What you will do
Reproduce the listing below as it stands. Leave out each image.
---------------
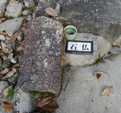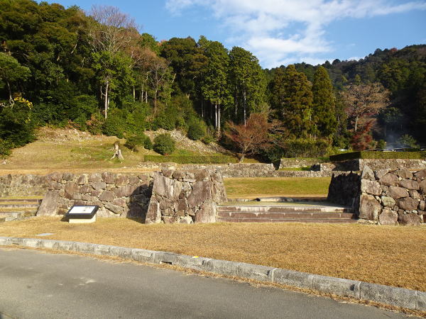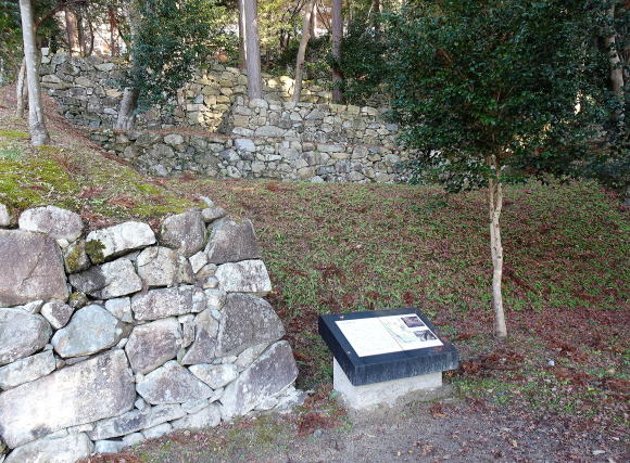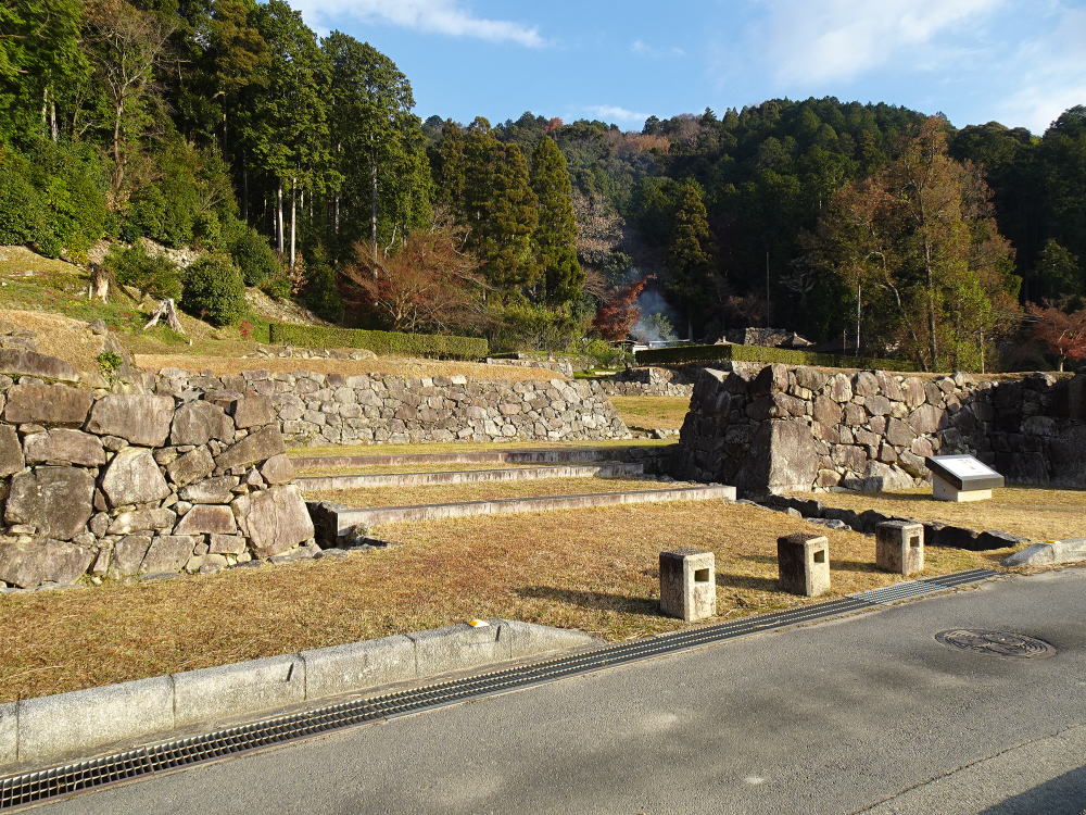 発掘前の大手道![]() 百々橋口道の途上にあったハ見寺は、 江戸時代末期の火災によって現在の地 に本堂を移転します。その際、大手道も 一部を埋め立てて石垣を築いたため、大 手道は石垣を大きく迂回する形となり道幅 も現在ほど広くはありません。 |
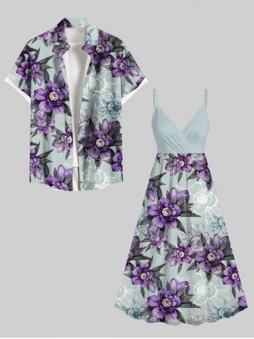 Plus Size Flowers Leaf Print Surplice Hawaii Cami Dress - Purple - S
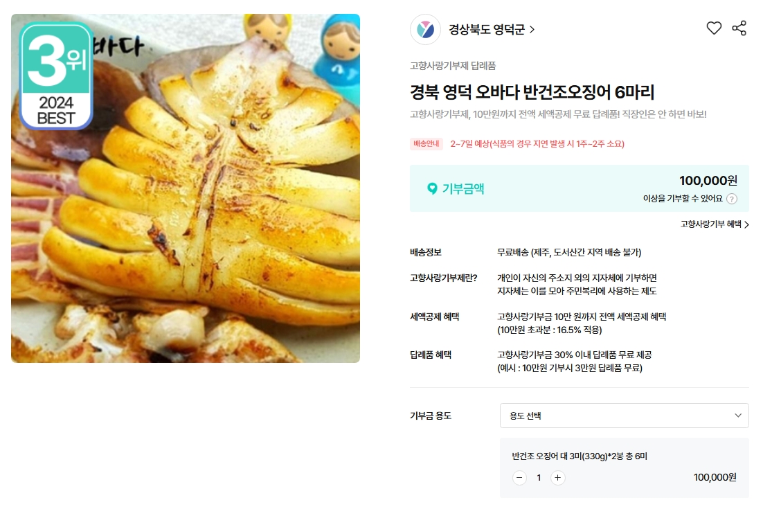 실제로 지금 '위기브'에서 영덕군을 선택하면, 답례품으로 '경북 영덕 오바다 반건조오징어 6마리' 를 직접 고를 수 있죠.
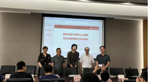 全体教职工大会上,周亚芳书记、余泳泽院长为教龄30年以上的杨风召、胡雅蓓、陶金国等老师颁发学院专属纪念品,感谢其为教育工作付出的辛劳和努力。周书记代表学院向长期耕耘在教学、科研、管理一线的全体教师致以节日问候。她指出,老教师是学校发展的见证者、参与者和奉献者,他们的教育情怀与学术精神已成为学校最宝贵的财富。青年教师纷纷承诺传承教育家精神,续写学校高质量发展新篇章。
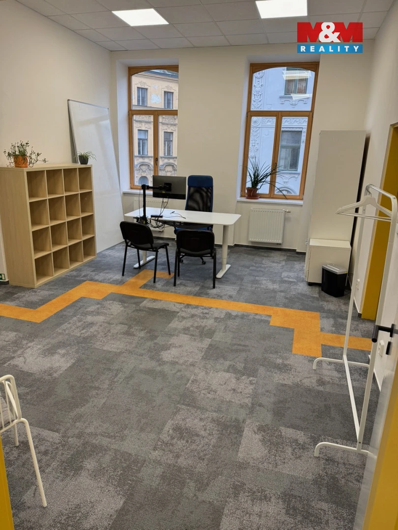 Nabízíme k pronájmu kancelářské prostory o užitné ploše 125,64 m2 ve třetím patře budovy s výtahem. Prostory jsou kompletně zrekonstruovány, ve všech hlavních místnostech jsou klimatizační jednotky, na podlaze jsou položeny koberce, dále je v prostorech kuchyňská linka. Součástí prostor je i místnost vlastního sociálního zázemí s WC, umyvadlem a sprchovým koutem. Tato kancelářská jednotka má svůj vlastní elektrokotel k vytápění a elektrické ohřívače vody a vlastní podružný elektroměr a vodoměr. V prostorech je movitý majetek nájemce, který je ochoten toto přenechat novému nájemci zdarma. Díky umístění v centru města máte vynikající dostupnost veřejné dopravy, restaurací a obchodů. Prostory jsou připraveny k okamžitému pronájmu. Pro více informací kontaktujte makléře.
---------------
Worked solution
 発掘前の大手道![]() 百々橋口道の途上にあったハ見寺は、 江戸時代末期の火災によって現在の地 に本堂を移転します。その際、大手道も 一部を埋め立てて石垣を築いたため、大 手道は石垣を大きく迂回する形となり道幅 も現在ほど広くはありません。 |
 Plus Size Flowers Leaf Print Surplice Hawaii Cami Dress - Purple - S
 실제로 지금 '위기브'에서 영덕군을 선택하면, 답례품으로 '경북 영덕 오바다 반건조오징어 6마리' 를 직접 고를 수 있죠.
 全体教职工大会上,周亚芳书记、余泳泽院长为教龄30年以上的杨风召、胡雅蓓、陶金国等老师颁发学院专属纪念品,感谢其为教育工作付出的辛劳和努力。周书记代表学院向长期耕耘在教学、科研、管理一线的全体教师致以节日问候。她指出,老教师是学校发展的见证者、参与者和奉献者,他们的教育情怀与学术精神已成为学校最宝贵的财富。青年教师纷纷承诺传承教育家精神,续写学校高质量发展新篇章。
 Nabízíme k pronájmu kancelářské prostory o užitné ploše 125,64 m2 ve třetím patře budovy s výtahem. Prostory jsou kompletně zrekonstruovány, ve všech hlavních místnostech jsou klimatizační jednotky, na podlaze jsou položeny koberce, dále je v prostorech kuchyňská linka. Součástí prostor je i místnost vlastního sociálního zázemí s WC, umyvadlem a sprchovým koutem. Tato kancelářská jednotka má svůj vlastní elektrokotel k vytápění a elektrické ohřívače vody a vlastní podružný elektroměr a vodoměr. V prostorech je movitý majetek nájemce, který je ochoten toto přenechat novému nájemci zdarma. Díky umístění v centru města máte vynikající dostupnost veřejné dopravy, restaurací a obchodů. Prostory jsou připraveny k okamžitému pronájmu. Pro více informací kontaktujte makléře.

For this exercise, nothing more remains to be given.